▸ THE TASK: Every line of the listing below from the one with "Le fils d'un" up to and including the one with "14k White Gold Blue Topaz Oval Hoop Earrings" should be retyped exactly, and nothing else; pictures are not part of the copy.

▸ SUPPLIED ENTRIES:

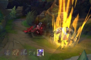回城時(shí)塞拉斯身負(fù)鎖鏈,伴隨周圍紅光落下, 劫、瑞茲、辛德拉和奧莉安娜的剪影依次浮現(xiàn),隨后塞拉斯掙脫桎梏取回冠軍獎(jiǎng)杯。
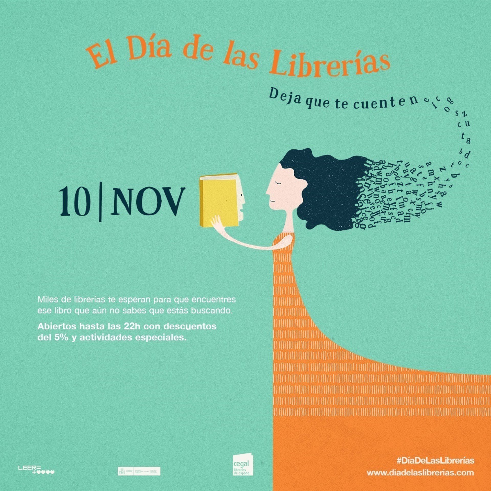 Esta conmemoración tiene como objetivo el acercar estos espacios de libertad a la ciudadanía. Más de 1.000 librerías afiliadas a la Confederación Española de Gremios y Asociaciones de Libreros (Cegal) permanecerán abiertas hasta las 22,00 horas, y harán un cinco por ciento de descuento en todas las compras, además de las actividades programadas para los lectores: encuentros con autores y firmas de ejemplares, cuentacuentos, coloquios, lecturas, concursos, conciertos literarios, actividades de animación, etcétera.
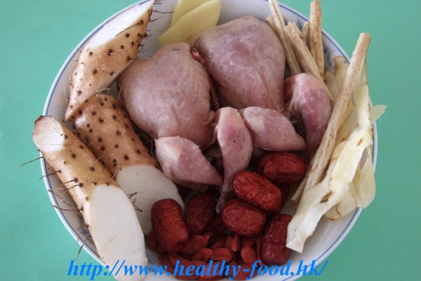 用料是: 鮮淮山4兩,杞子4錢,沙參,玉竹各5錢,生薑3片,紅棗6粒,急凍鵪鶉2隻.
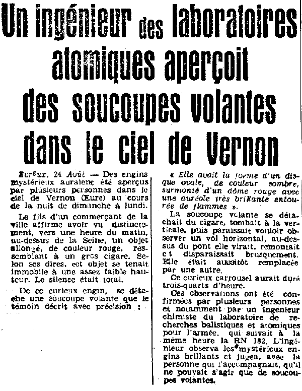 Le fils d'un commerçant de la ville affirme avoir vu distinctement, vers une heure du matin, au-dessus de la Seine, un objet allongé, de couleur rouge, ressemblant à un gros cigare. Selon ses dires, cet objet se tenait immobile à une assez faible hauteur. Le silence était total.
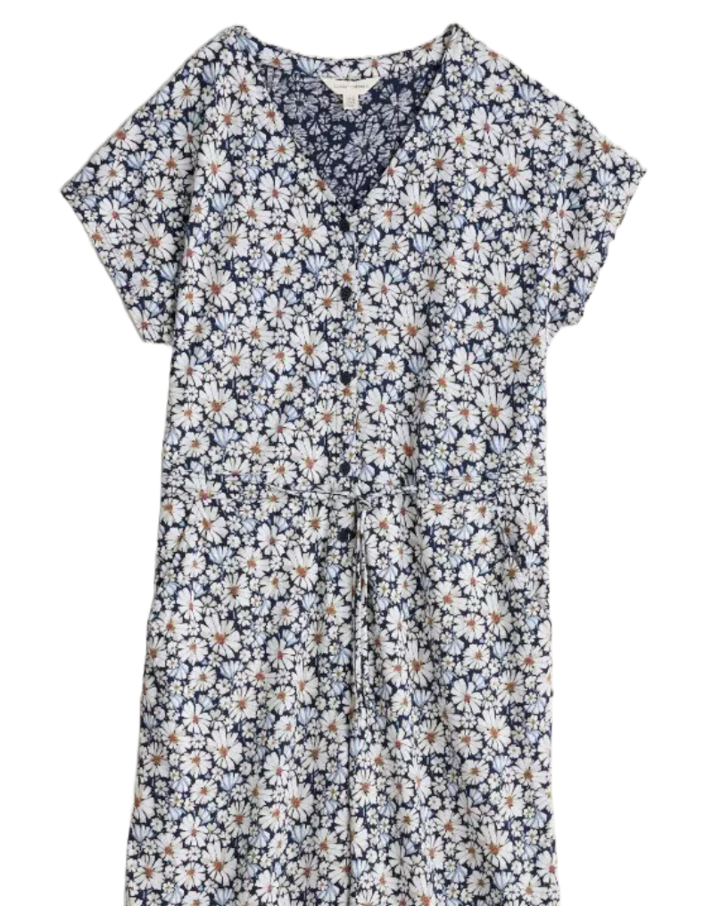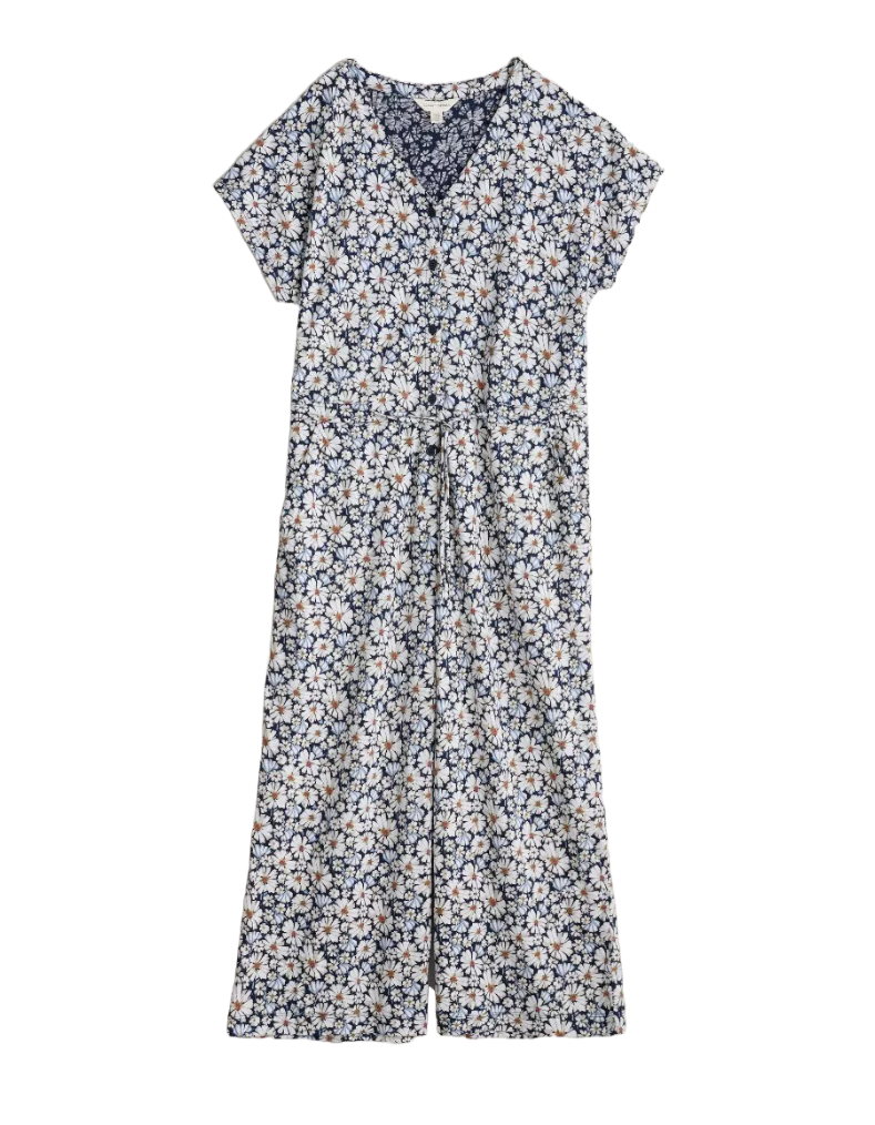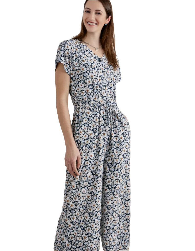 Effortlessly chic, the Rose Trellis Wide Leg Jumpsuit is a must-have for any wardrobe. Made from a soft, eco-friendly blend of cotton and TENCEL™ MODAL, it features a flattering V-neck button placket, adjustable drawstring waist, and wide culotte-style legs for all-day comfort. Perfect for any occasion, dress it up or down.
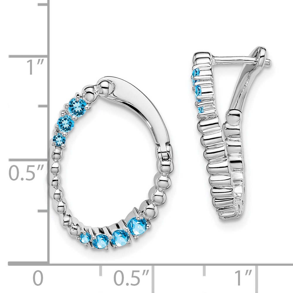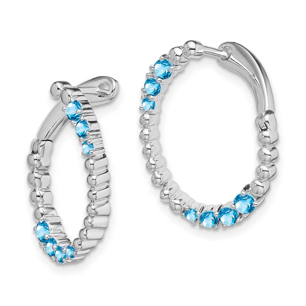 14k White Gold Blue Topaz Oval Hoop Earrings
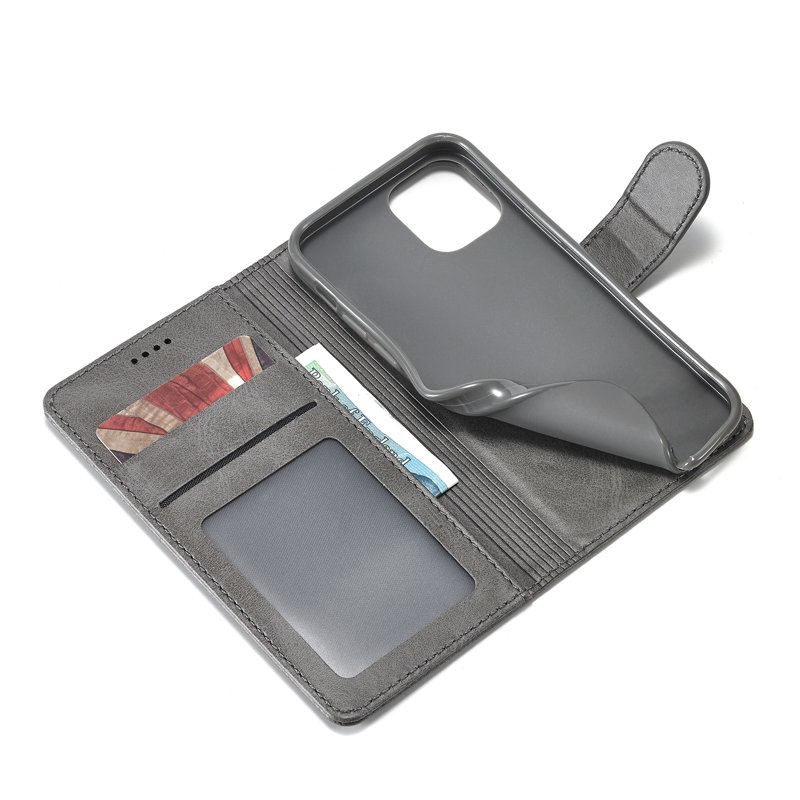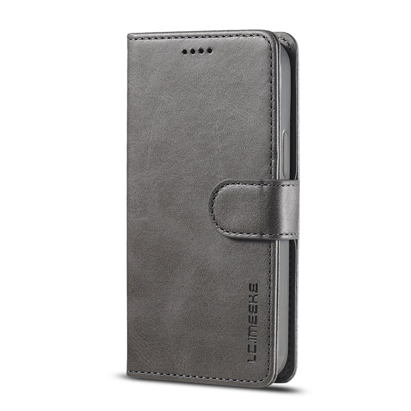 LC.IMEEKE iPhone 12 Fodral i Äkta läder - Grå
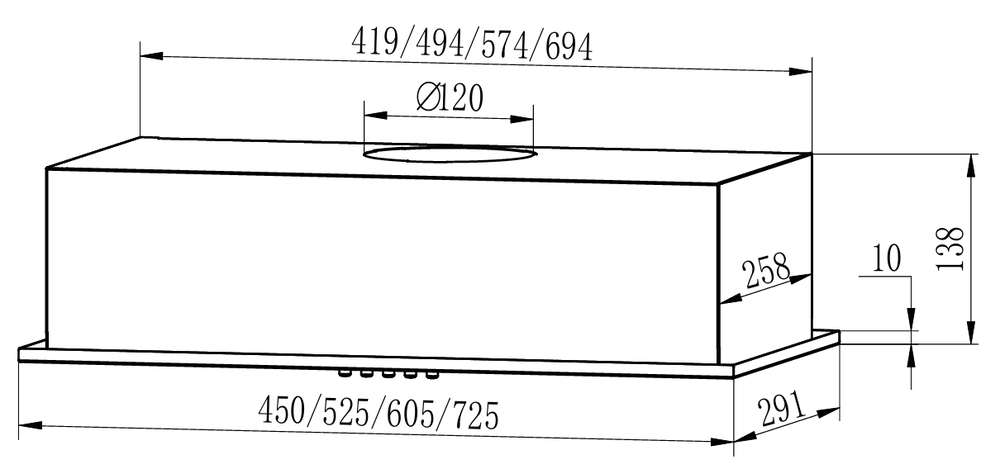 Описаниевытяжка встраиваемая в подвесной шкаф, 45 см, 400 м3/ч, черный
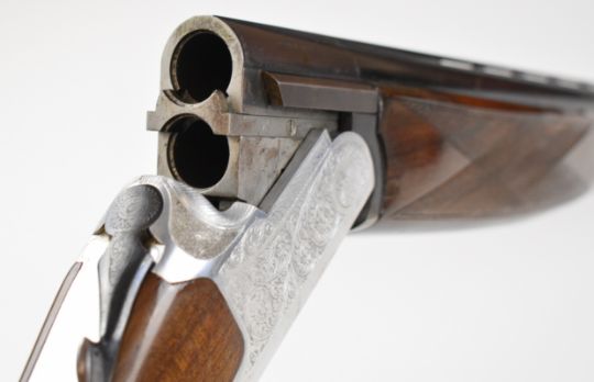 Lanber 12 bore over and under shotgun with engraved locks, underside, trigger guard and thumb lever, chequered semi-pistol grip and forend, single trigger, vented top rib and 27.5 inch barrels choked ½ and ¼, overall length 116.5cm, length of pull 40cm, serial number 159289. PLEASE NOTE THAT A VALID RELEVANT SHOTGUN CERTIFICATE IS REQUIRED TO VIEW OR PURCHASE THIS LOT AND FOR ALL SHOTGUNS OR RIFLES PLEASE ENSURE YOU HAVE THE RELEVANT CERTIFICATE BEFORE BIDDING.

▸ COMPLETED TASK:
 Le fils d'un commerçant de la ville affirme avoir vu distinctement, vers une heure du matin, au-dessus de la Seine, un objet allongé, de couleur rouge, ressemblant à un gros cigare. Selon ses dires, cet objet se tenait immobile à une assez faible hauteur. Le silence était total.
 Effortlessly chic, the Rose Trellis Wide Leg Jumpsuit is a must-have for any wardrobe. Made from a soft, eco-friendly blend of cotton and TENCEL™ MODAL, it features a flattering V-neck button placket, adjustable drawstring waist, and wide culotte-style legs for all-day comfort. Perfect for any occasion, dress it up or down.
 14k White Gold Blue Topaz Oval Hoop Earrings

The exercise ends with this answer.